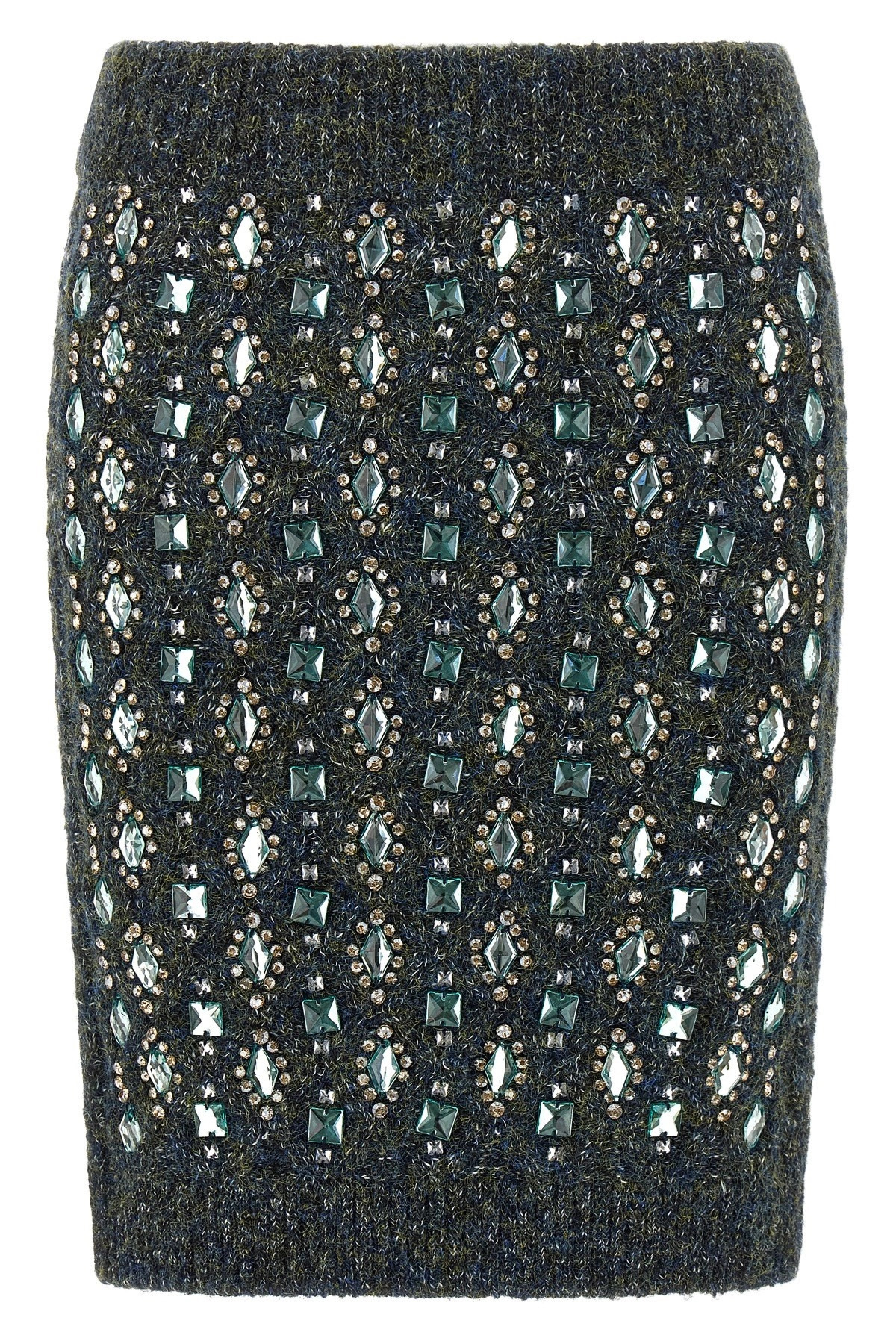 cod. 105967A2YCIG1 'Strong Enough' miniskirt in wool-blend mouline melange knit with geometric patterns of crystals and pearls on the front, elastic waistband, back logo patch. Color: Multicolor Size & Fit: true to size fit Composition: 85% polyester 13% acrylic 2% elastane Made in: China
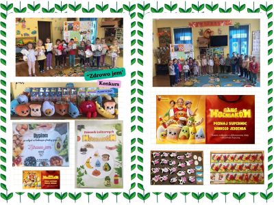 Jeronimo Martins Polska SA., właściciel sieci sklepów Biedronka, ponownie angażuje się w edukacyjną inicjatywę skierowaną do dzieci, która wspiera ich rozwój i pomaga wypracować właściwe nawyki, które zaowocują w dorosłym życiu. Do udziału w programie edukacyjnym „Szkolne Przygody Gangu Mocniaków - Poznaj supermoc dobrego jedzenia” włączyła się grupa: ”Wiewióreczki „która zaraz po okresie świątecznym rozpoczęła realizację programu. Celem tegorocznego programu było przekazanie dzieciom wiedzy na temat roli składników odżywczych w diecie oraz zachęcenie ich do jedzenia różnorodnych i zbilansowanych posiłków zgodnie z zasadami talerza zdrowego żywienia. W podejmowaniu najlepszych wyborów żywieniowych pomógł dzieciom Gang Mocniaków. Każdy z jedenastu różnorodnych bohaterów pokazał wartość zbilansowanego posiłku i razem udowodniły , że w pełnym składzie mogą więcej! Dzieci w oparciu o temat tygodnia: ”Na farmie’ mogły dowiedzieć się co nam daje wieś? W grupie ogłoszony został także konkurs plastyczny pod tytułem: ”Zdrowo jem”. Do konkursu przystąpiło 12 dzieci .Wspólnie z rodzicami wykonali oni pracę plastyczną , którą przynieśli do przedszkola .Wszystkie dzieci za udział w programie otrzymały od organizatora książeczki, maskotki, dzienniczki kulinarnych Mocniaków wraz z naklejkami, a dzieci biorące udział w konkursie dodatkowo otrzymały piękny dyplom od wychowawcy. Dziękujemy rodzicom za zaangażowanie się w ten program. Okazuje się że dbanie o zdrowie może być łatwe, smaczne i kolorowe.
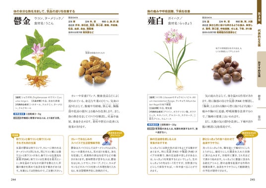 日常的に取り入れやすい、身近な食材229種類&代表的な生薬40種類について、その性質や効能、選ぶときのポイント、効果的な食べ合わせ352例と調理例を、写真とともにわかりやすく解説しました。しょうが、あずきといった、特に注目の食材はより詳しく紹介。日常に取り入れやすい食材は、野菜、果物、魚介など、種類別に分けて収録。さらに「おすすめ」食材と「もっととりたい」食材とに分け、50音順に紹介しています。
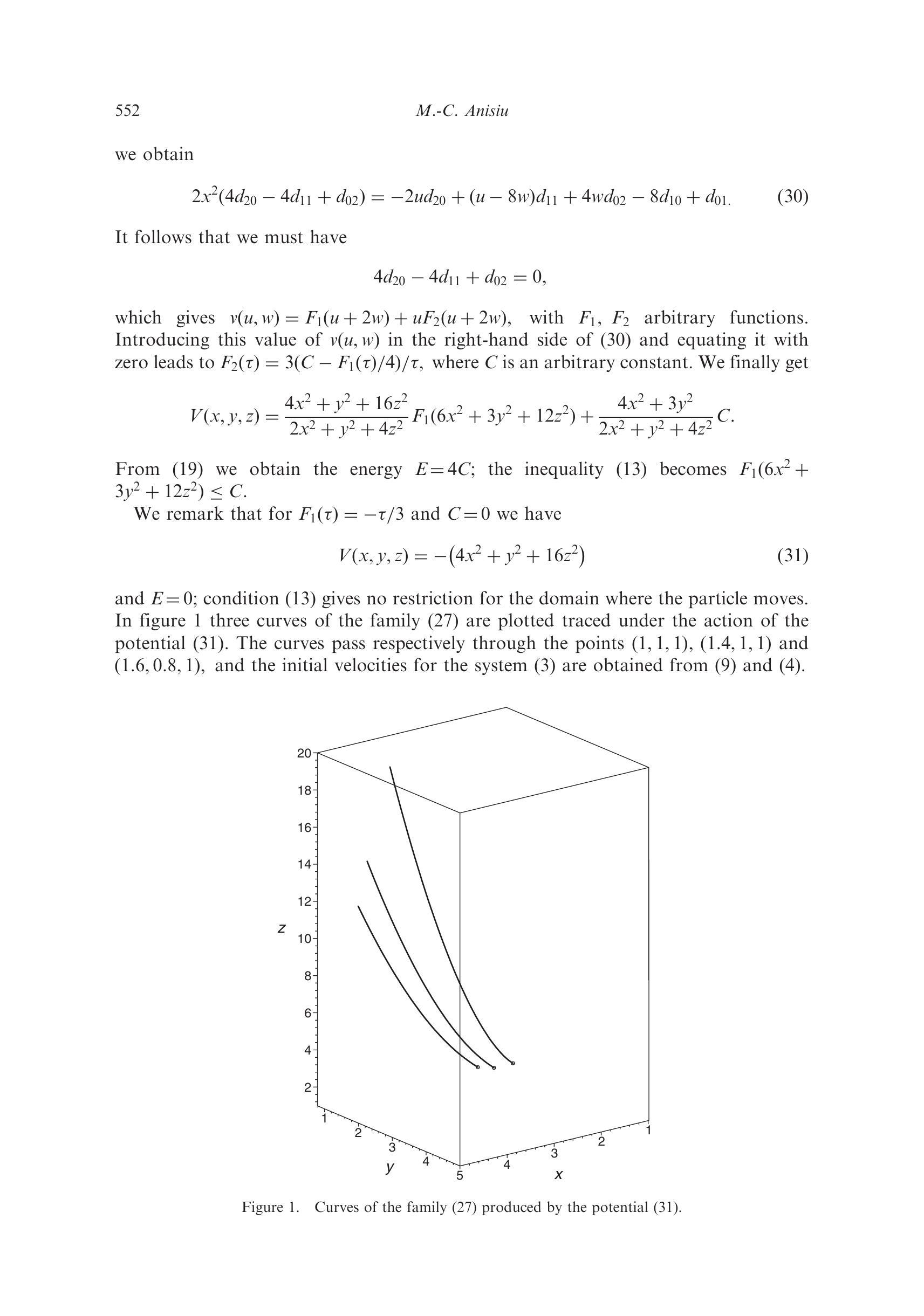 and E=0E=0; condition (13) gives no restriction for the domain where the particle moves. In figure 1 three curves of the family (27) are plotted traced under the action of the potential (31). The curves pass respectively through the points (1,1,1),(1.4,1,1)(1,1,1),(1.4,1,1) and (1.6, 0.8, 1), and the initial velocities for the system (3) are obtained from (9) and (4).

### TRY IT:
Could you restate all of the data above word for word and skip every picture?

### THE COMPLETED TASK:
 cod. 105967A2YCIG1 'Strong Enough' miniskirt in wool-blend mouline melange knit with geometric patterns of crystals and pearls on the front, elastic waistband, back logo patch. Color: Multicolor Size & Fit: true to size fit Composition: 85% polyester 13% acrylic 2% elastane Made in: China
 Jeronimo Martins Polska SA., właściciel sieci sklepów Biedronka, ponownie angażuje się w edukacyjną inicjatywę skierowaną do dzieci, która wspiera ich rozwój i pomaga wypracować właściwe nawyki, które zaowocują w dorosłym życiu. Do udziału w programie edukacyjnym „Szkolne Przygody Gangu Mocniaków - Poznaj supermoc dobrego jedzenia” włączyła się grupa: ”Wiewióreczki „która zaraz po okresie świątecznym rozpoczęła realizację programu. Celem tegorocznego programu było przekazanie dzieciom wiedzy na temat roli składników odżywczych w diecie oraz zachęcenie ich do jedzenia różnorodnych i zbilansowanych posiłków zgodnie z zasadami talerza zdrowego żywienia. W podejmowaniu najlepszych wyborów żywieniowych pomógł dzieciom Gang Mocniaków. Każdy z jedenastu różnorodnych bohaterów pokazał wartość zbilansowanego posiłku i razem udowodniły , że w pełnym składzie mogą więcej! Dzieci w oparciu o temat tygodnia: ”Na farmie’ mogły dowiedzieć się co nam daje wieś? W grupie ogłoszony został także konkurs plastyczny pod tytułem: ”Zdrowo jem”. Do konkursu przystąpiło 12 dzieci .Wspólnie z rodzicami wykonali oni pracę plastyczną , którą przynieśli do przedszkola .Wszystkie dzieci za udział w programie otrzymały od organizatora książeczki, maskotki, dzienniczki kulinarnych Mocniaków wraz z naklejkami, a dzieci biorące udział w konkursie dodatkowo otrzymały piękny dyplom od wychowawcy. Dziękujemy rodzicom za zaangażowanie się w ten program. Okazuje się że dbanie o zdrowie może być łatwe, smaczne i kolorowe.
 日常的に取り入れやすい、身近な食材229種類&代表的な生薬40種類について、その性質や効能、選ぶときのポイント、効果的な食べ合わせ352例と調理例を、写真とともにわかりやすく解説しました。しょうが、あずきといった、特に注目の食材はより詳しく紹介。日常に取り入れやすい食材は、野菜、果物、魚介など、種類別に分けて収録。さらに「おすすめ」食材と「もっととりたい」食材とに分け、50音順に紹介しています。
 and E=0E=0; condition (13) gives no restriction for the domain where the particle moves. In figure 1 three curves of the family (27) are plotted traced under the action of the potential (31). The curves pass respectively through the points (1,1,1),(1.4,1,1)(1,1,1),(1.4,1,1) and (1.6, 0.8, 1), and the initial velocities for the system (3) are obtained from (9) and (4).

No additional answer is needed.